프로그래밍/Go lang2020. 11. 5. 16:33

gRPC/Protocol Buffer를 공부하다가 고민에 빠졌습니다.

반복되는 데이터가 gRPC에서 사용되는 경우에 gRPC 함수에서 stream 키워드를 사용해야 할지 아니면 message에서 repeated 키워드를 사용해야할 지에 대해서 말입니다.

신기하게도 마소 공식 홈에 꽤 좋은 글이 있습니다.

docs.microsoft.com/en-us/dotnet/architecture/grpc-for-wcf-developers/streaming-versus-repeated

간단히 보면

반복되는 데이터가 1초 이내에 생성될 정도로 작으면 repeated 필드를, 이와 반대로 반복되는 데이터가 아주 클 경우에는 stream 키워드를 사용하면 될 것 같습니다.

gRPC services provide two ways of returning datasets, or lists of objects. The Protocol Buffers message specification uses the repeated keyword for declaring lists or arrays of messages within another message. The gRPC service specification uses the stream keyword to declare a long-running persistent connection. Over that connection, multiple messages are sent, and can be processed, individually.

You can also use the stream feature for long-running temporal data such as notifications or log messages. But this chapter will consider its use for returning a single dataset.

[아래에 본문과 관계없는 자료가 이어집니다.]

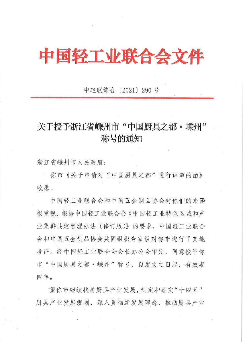关于授予浙江省嵊州市“中国厨具之都·嵊州”称号的通知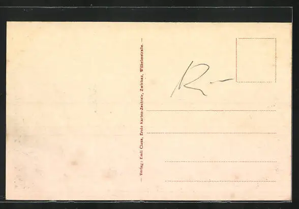 Personenbezogene Daten auf der Rückseite der Karte wurden durch blauen Textmarker unkenntlich gemacht. Die blauen Stellen sind auf die Vorderseite durchgeweicht und wirken sich negativ auf das Postkartenfoto aus

Which you should use depends on factors such as:

The overall size of the dataset.
The time it took to create the dataset at either the client or server end.
Whether the consumer of the dataset can start acting on it as soon as the first item is available, or needs the complete dataset to do anything useful.

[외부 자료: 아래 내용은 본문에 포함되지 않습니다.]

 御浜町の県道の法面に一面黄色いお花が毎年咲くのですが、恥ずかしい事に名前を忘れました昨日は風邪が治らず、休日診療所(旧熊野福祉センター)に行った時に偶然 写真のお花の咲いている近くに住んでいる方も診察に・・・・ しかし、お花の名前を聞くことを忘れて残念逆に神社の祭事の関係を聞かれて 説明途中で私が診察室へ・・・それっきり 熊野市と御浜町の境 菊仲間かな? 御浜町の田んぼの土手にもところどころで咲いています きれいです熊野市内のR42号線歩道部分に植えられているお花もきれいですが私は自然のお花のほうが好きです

When to use repeated fields

For any dataset that's constrained in size and that can be generated in its entirety in a short time—say, under one second—you should use a repeated field in a regular Protobuf message. For example, in an e-commerce system, to build a list of items within an order is probably quick and the list won't be very large. Returning a single message with a repeated field is an order of magnitude faster than using stream and incurs less network overhead.

If the client needs all the data before starting to process it and the dataset is small enough to construct in memory, then consider using a repeated field. Consider it even if the creation of the dataset in memory on the server is slower.

When to use stream methods

When the message objects in your datasets are potentially very large, it's best for you transfer them by using streaming requests or responses. It's more efficient to construct a large object in memory, write it to the network, and then free up the resources. This approach will improve the scalability of your service.

Similarly, you should send datasets of unconstrained size over streams to avoid running out of memory while constructing them.

For datasets where the consumer can separately process each item, you should consider using a stream if it means that progress can be indicated to the user. Using a stream can improve the responsiveness of an application, but you should balance it against the overall performance of the application.

Another scenario where streams can be useful is where a message is being processed across multiple services. If each service in a chain returns a stream, then the terminal service (that is, the last one in the chain) can start returning messages. These messages can be processed and passed back along the chain to the original requestor. The requestor can either return a stream or aggregate the results into a single response message. This approach lends itself well to patterns like MapReduce.